The natural histories of the different anomalies are diverse. Hemangiomas typically involute spontaneously; 50% involute completely by the age of 5 years. More recently, the quick treatment of infantile hemangiomas during the involution stage with beta blockers has resulted in a reduction in cases needing surgical intervention. Early treatment and natural history reduces the indications for surgery to those lesions that are affecting vision or the airway or are large enough that, even after involution, the abnormal remaining skin will require surgical modification. In contrast, capillary malformations start as patches, but over time, they typically enlarge and become thick and verrucous; for these lesions, early treatment is indicated. Some vascular malformations or tumors have systemic effects, depending on their mass, status as high or low flow, and thrombosis and consumption of coagulation factors. Treatment of these lesions involves complete resection, when feasible, or debulking if complete resection is not possible. Sclerotherapy is the mainstay of treatment of venous malformations. For arteriovenous malformations, sclerotherapy is useful as an adjunct to surgery but insufficient alone because of the development of collaterals. For these malformations, sclerotherapy and embolization are followed immediately by surgical resection.

Pediatric Neck Masses

Neck masses in the pediatric patient are most likely infectious or congenital noncancerous lesions. In addition to vascular malformations, other common pediatric neck masses include dermoid cysts, teratomas, branchial cleft anomalies, thyroglossal duct cysts, thymic cysts, ranulas, cartilaginous rests, heterotopic neuroectodermal tissue, neurofibromas, ectopic salivary tissue, lymphadenopathy, and malignant tumors. Branchial cleft anomalies may be cysts, sinuses, or fistulas. Cysts and sinuses are located in the anterior cervical triangle and are derived from the first cleft (near the external auditory meatus) and second cleft (below the hyoid) 98% of the time. The treatment of these lesions is surgical excision, and care must be taken due to the intimate association with neurovascular structures. Thyroglossal duct cysts may arise anywhere along the course of the thyroglossal duct from the foramen cecum at the base of the tongue to the thyroid gland. Thyroglossal duct cysts usually present in the first or second decade of life as painless anterior neck masses, and there may be an associated sinus track. Indications for surgery include recurrent infection, tissue diagnosis, and improved cosmesis. Thyroid scan is indicated before excision to rule out a functioning ectopic thyroid gland.

Melanocytic Nevi

Congenital melanocytic nevi are hamartomas consisting of nevus cells. Nevi are classified by size as small (<1.5 cm), medium (1.5–19.9 cm), large (20–49.9 cm), and giant (>50 cm). The classification dictates the prognosis and reconstructive approach. Risk of melanoma occurring in a melanocytic nevus varies by report but is estimated to be less than 5% in small or medium lesions and typically presents after puberty. In large and giant nevi, the reported risk of melanoma development is up to 10%. Unlike the case for small or medium nevi, malignancy in large and giant nevi typically occurs in the first three years of life. Large and giant nevi also have an increased incidence of leptomeningeal involvement that can be diagnosed by magnetic resonance imaging (MRI). In addition, psychosocial and developmental issues associated with larger nevi are significant, so early excision and reconstruction are recommended for large and giant nevi.
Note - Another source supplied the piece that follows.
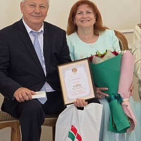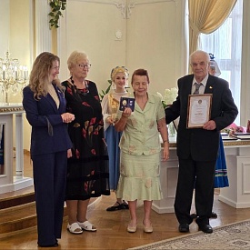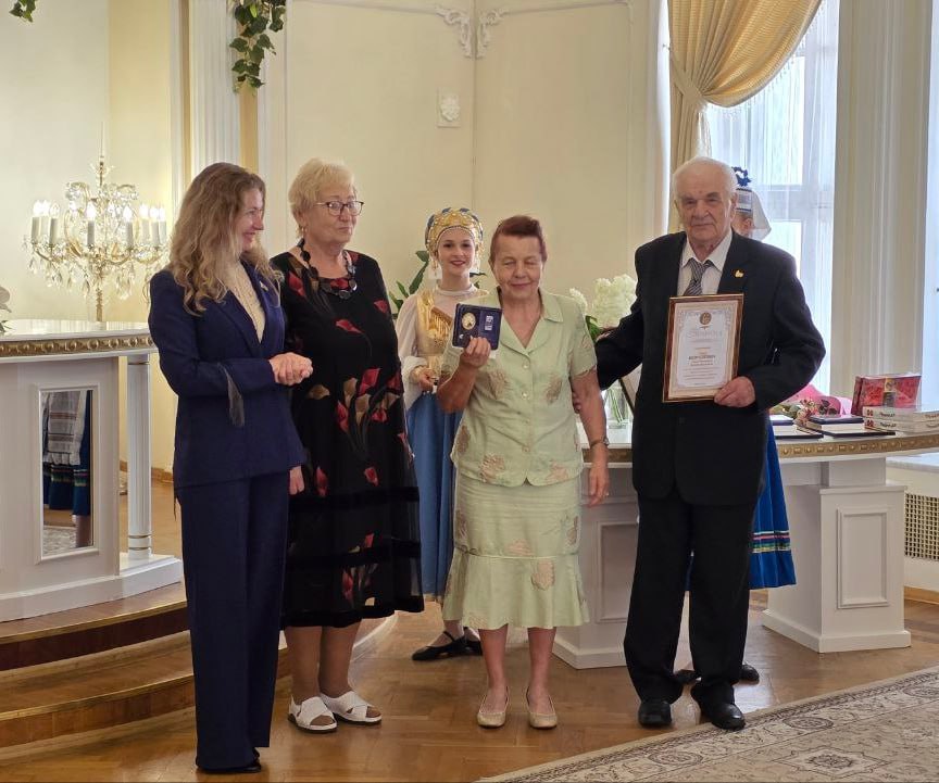 Юбилярам вручили памятные медали "За любовь и верность" за долгую историю семейного союза, крепость отношений, основанных на любви и верности, достойное воспитание детей.

Options for removal of larger nevi include serial excision, excision and grafting, excision and closure with distant flaps, and tissue expansion. Replacement with like tissue is the goal, and therefore tissue expansion is the mainstay approach.

Plastic Surgery of the Head and Neck

Maxillofacial Trauma

Facial trauma has decreased in frequency in the United States, and this is attributed in part to the advent of seat belt laws and improved collision safety. However, it remains part of multisystem trauma from motor vehicle accidents, assaults, and combat injuries. Improvements in body armor have resulted in better survival of combat injuries but proportionally more facial injuries.

Emergent Management

Surgical emergencies in the patient with facial trauma include airway compromise, life-threatening hemorrhage, and reversible structural injury to the eye or optic nerve. Other injuries, such as lacerations or extraocular muscle entrapment, are treated within the first 24 hours. Fractures are treated within the first 2 weeks. Evaluation of the patient with facial trauma follows the advanced trauma life support protocol and includes looking for intracranial trauma and cervical spine injury. Acute airway compromise usually occurs in the setting of combined mandibular-maxillary trauma with hemorrhage and soft tissue swelling. Endotracheal intubation should be attempted and need not be avoided because of concern about the facial injury. Nasotracheal intubation is contraindicated in the case of severe nasoorbitoethmoid and skull base fractures. Cricothyroidotomy is performed if oral or nasal endotracheal intubation is unsuccessful and should be converted to tracheostomy after the patient has been stabilized. Maxillomandibular fixation by itself is not an indication for tracheostomy because endotracheal intubation may be maintained through the nasal or oral route using an armored tube that can be routed behind the molars without kinking. An alternative technique is to exit the endotracheal tube through a submental incision, which alleviates some of the practical difficulties of working around an oral tube.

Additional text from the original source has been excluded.